La visita de Jesús a sus amigos Lázaro, Marta y María, y una situación de cotidianidad familiar -mientras Marta se afana por atender al visitante María se enfoca en escucharlo-, da al Maestro ocasión para enseñarnos que hay un orden de prioridades en la vida del discípulo: la mejor parte en la oración y la acción siempre será Dios.
Pero la escena que describe Lucas 10,38-42, hace pensar en las posturas corporales durante las acciones litúrgicas que deben ser reflejo de actitudes interiores de cada creyente.
1. De rodillas para adorar
Universalmente arrodillarse significa penitencia, disponibilidad para pedir perdón, sometimiento de la voluntad ante quien se considera más grande. Todo esto cabe perfectamente delante de Jesús. En el credo afirmamos que él es verdadero Dios y verdadero hombre y le damos el título de Señor: es decir, que tiene autoridad sobre nosotros.
En la consagración eucarística, momento más intenso de la Misa, porque allí Jesús resucitado se hace presente en el altar bajo las especies del pan y del vino, nos arrodillamos para adorarlo como Dios y poner nuestra vida en sus manos como nuestro Señor.
2. Sentados para escuchar
Sentarse implica darle tiempo e importancia a alguien; mostrar que su presencia y su palabra son bien recibidas. Es lo que hacen los alumnos delante de su maestro, por ejemplo.
Es lo que sucede en la Eucaristía durante la liturgia de la Palabra. Nos sentamos durante las lecturas y la homilía para acoger con respeto el mensaje que Dios tiene para nosotros. Como discípulos de Jesús nos sentamos para darle todo el tiempo a lo que tiene para enseñarnos. Es como decirle que estamos dispuestos a aprender, a dejarnos orientar, corregir y animar por él.
3. De pie para caminar
Estar de pie es el gesto del soldado que está siempre alerta para dar la batalla; es la postura del trabajador siempre pronto para cumplir su tarea. Si nos fijamos bien, las celebraciones litúrgicas empiezan y terminan estando todos de pies; con ello indicamos que somos el pueblo de Dios que camina, que peregrina, y que está listo para ir por donde Él nos indique.
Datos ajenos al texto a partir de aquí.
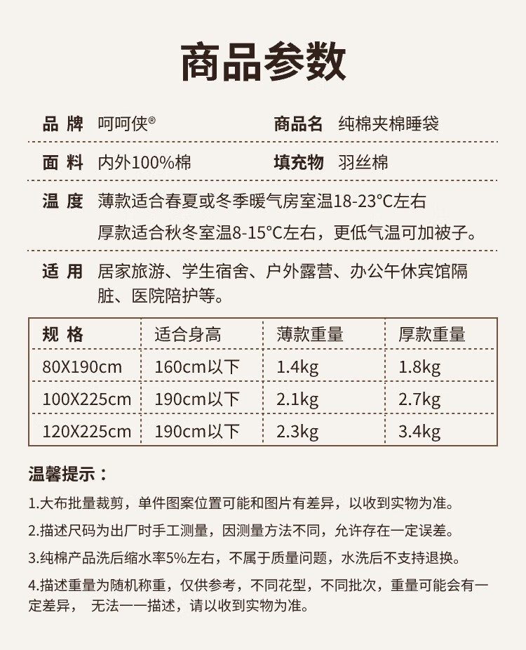 皓润琪 纯棉夹棉成人睡袋质量非常好物流很快

El discípulo de Jesús no se queda en la comodidad de la adoración y de la escucha sino que de allí se siente movido a la acción, a ponerse en camino. Como el profeta Isaías, deberíamos también nosotros decirle al Señor: «Heme aquí, Señor, envíame a mí». El discípulo de pie se dispone a ser también misionero.
Que lo que hacemos con nuestro cuerpo en las acciones litúrgicas esté sintonizado con lo que busca nuestra alma. Que en nuestras oraciones y en nuestras acciones esté primero Dios.